As arbitration becomes a more and more common form of dispute resolution, the intersection between arbitral decisions and the courts will need to be watched more and more closely. Frequently, such decisions are immune from appeal to the courts. But not always. And when an arbitration decision is appealed to a court, what is the standard of review of the arbitrator’s decision? This is what the Ontario Court of Appeal considered in Zurich Insurance Company v. Chubb Insurance Company of Canada, 2014 ONCA 400, released May 15, 2014.

Though much of the analysis is clearly confined to the “pay first, dispute later” rules in the context of Ontario insurance law, the sentiment from the decision may be applicable beyond that context. And in determining the standard of review of the arbitrator’s decision, Pardu J.A. (Pepall J.A. concurring) started in an obvious place – the words of the arbitration agreement. Though a correctness standard of review was applied to reviewing a narrow question of law, the decision as a whole generally suggests that an arbitrator’s decision should be accorded deference, even when issues of law are in play.

The case emerged from statutory arbitration to determine whether Chubb Insurance Company (“Chubb”) wrongfully refused to pay a particular individual Statutory Accident Benefits (“SABs”). Zurich Insurance Company (“Zurich”) paid the SABs but then commenced arbitration, alleging that Chubb had unlawfully refused to pay after the individual asked for payment from Chubb first. The arbitrator concluded that due to the nature of the insurance policy it had issued, the statutory regime which Zurich alleged was the basis for Chubb indemnifying it was inapplicable.

Pardu J.A. discussed the standard of review of the arbitrator’s decision as follows:

[12]     The arbitration agreement between Chubb and Zurich provided:

The decision of the Arbitrator shall be binding upon the parties, but any party may appeal the Arbitrator’s decision on a point of fact or on a point of law or on a point of mixed fact and law to a Judge on the Ontario Superior Court of Justice, without leave of the Court, within thirty (30) days of the date of the Arbitrator’s written decision. The standard of review to be applied on appeal with respect to the Arbitrator’s decision(s) on questions of law shall be correctness. The standard of review to be applied on appeal with respect to the Arbitrator’s decision(s) on questions of fact and questions of mixed fact and law shall be reasonableness.

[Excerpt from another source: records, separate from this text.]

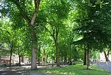 Twelve blocks in length, it is intersected by the Portland Streetcar and forms the Portland Cultural District and the greenspace at the center of Portland State University.[4] The New York Times stated the blocks are "literally at the heart of the city's cultural life."[5] Public artworks in the park include Shemanski Fountain (1926), In the Shadow of the Elm, Peace Chant, (1984), Alexander Phimister Proctor's Theodore Roosevelt, Rough Rider, and a statue of Abraham Lincoln. The park also contains approximately 337 elm, oak, and maple trees valued at $3.4 million, as well as roses.[6][7] A plaque from the Lang Syne Society was placed in the South Park Blocks at Jefferson Street in 1991, commemorating the Great Plank Road.[8]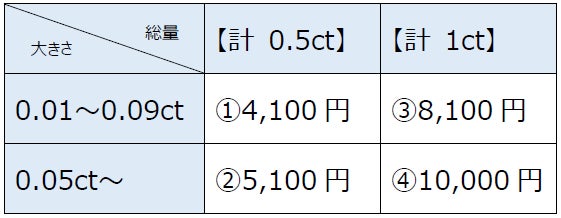 ご紹介した天然ダイヤモンドで下記の①~⑤の5種類のリターンを準備させていただきました。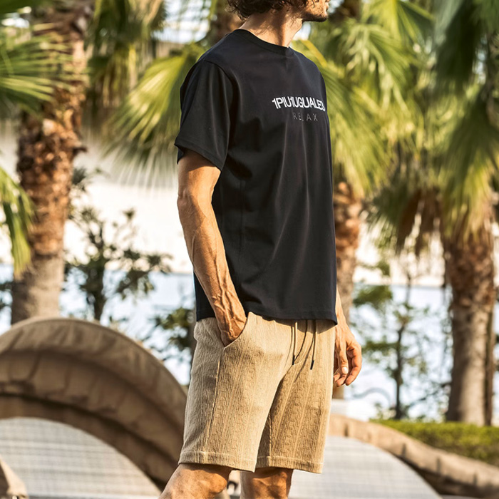 シルエットは程よくゆとりを持たせたバランスで、ラフになりすぎず大人らしい余裕を演出。1枚での着用はもちろん、ジャケットやシャツのインナーとしても活躍し、シーズンを問わず幅広いスタイリングに対応します。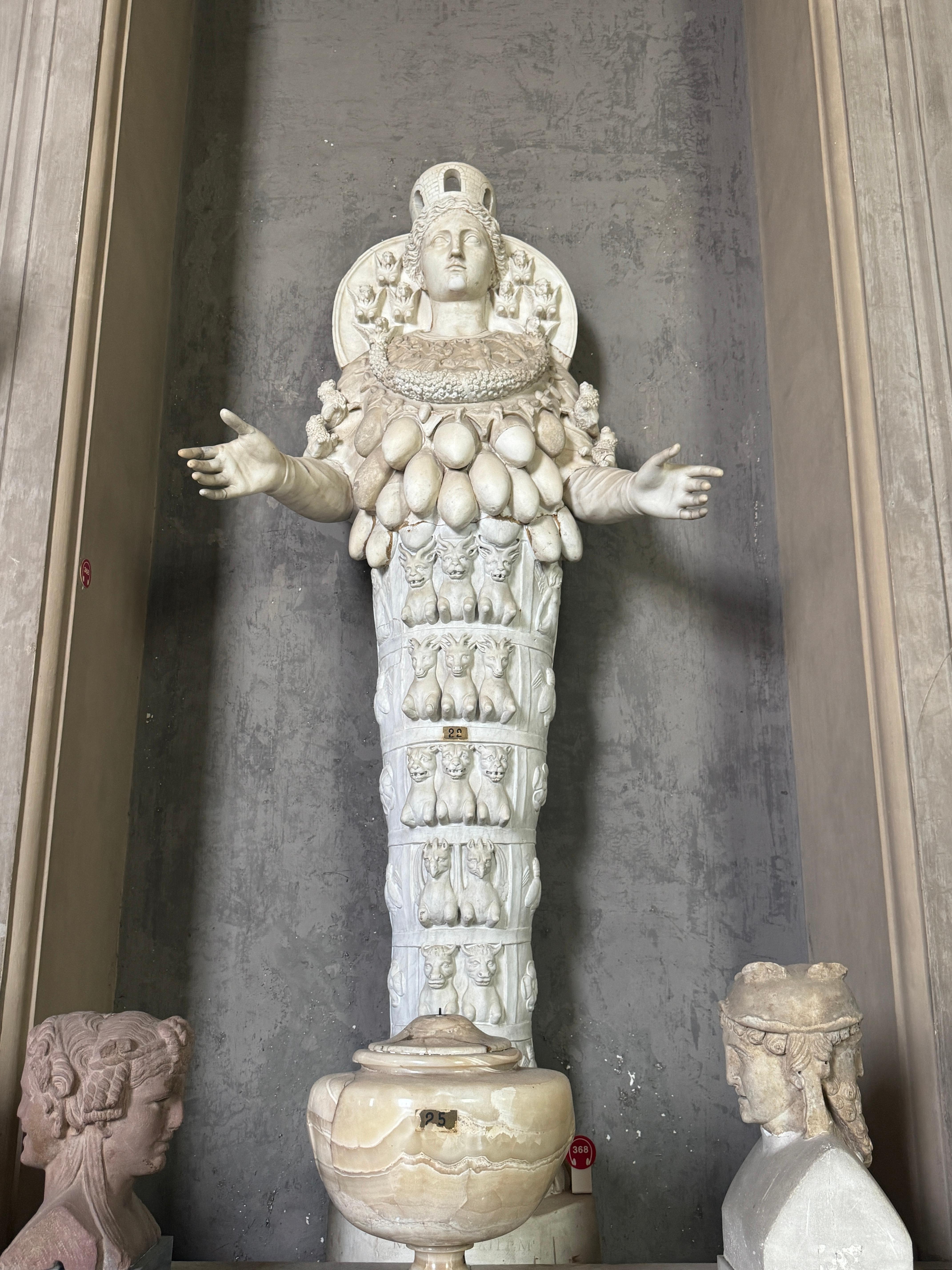 에페소스의 아르테미스(다산의 여신, Artemis of Ephesus) 상으로 상반신에 달려있는 것이 젖가슴, 황소 고환, 석류, 알 등으로 다양한 해석이 있다고 한다.

[13]     The application judge adopted a standard of review of correctness, on the ground that there were no factual issues in dispute. Mesbur J. summarized the applicable standards of review in Aviva Insurance Co. of Canada v. Royal & SunAlliance Insurance Co. (2008), 66 C.C.L.I. (4th) 262 (Ont. S.C.), at para. 7:

First, on a question of law, the standard is one of correctness. Second, on a question of fact, the decision below can only be set aside on the basis of an overriding and palpable error. Last, on a question of mixed fact and law, the standard is one of reasonableness.

The Ontario Court of Appeal has also commented that on a question of mixed fact and law, where the decision is highly dependent on a factual finding, the standard is more akin to “overriding and palpable error”. It is noteworthy that this case also dealt with an appeal from an arbitrator’s decision under the provisions of the Insurance Act. The court commented that arbitrators have a special expertise “in evaluating facts for determination of dependency for statutory accident benefits entitlement”, and unless the arbitrator was unreasonable, he is entitled to deference. I infer arbitrators have similar special expertise in determining issues of loss transfer, and thus their conclusions should be equally afforded deference. [Citations omitted by Pardu J.A.]

[14]     Here I would characterize the issue of whether Chubb was a “motor vehicle liability” insurer as a question of law reviewable on the standard of correctness and the issue of whether there was a sufficient nexus between Chubb and the claimant as a question of mixed fact and law reviewable on the standard of reasonableness.

[Emphasis added]

Pardu J.A. ultimately agreed with the arbitrator that Chubb was not a “motor vehicle insurer” on these facts. She thus re-instated his decision, which had been set aside on an appeal to the Superior Court. Though she applied the correctness standard of review in this context (and found the arbitrator’s decision was correct), a sentiment of deference is nonetheless apparent in her discussion of standard of review, especially in her determination that “the issue of whether there was a sufficient nexus between Chubb and the claimant [is] a question of mixed fact and law reviewable on the standard of reasonableness”.

Interestingly, Juriansz J.A. dissented on the appeal (he advocated a different approach to the sort of “pay first and dispute later” insurance rules at issue in this case), but he did not address the standard of review.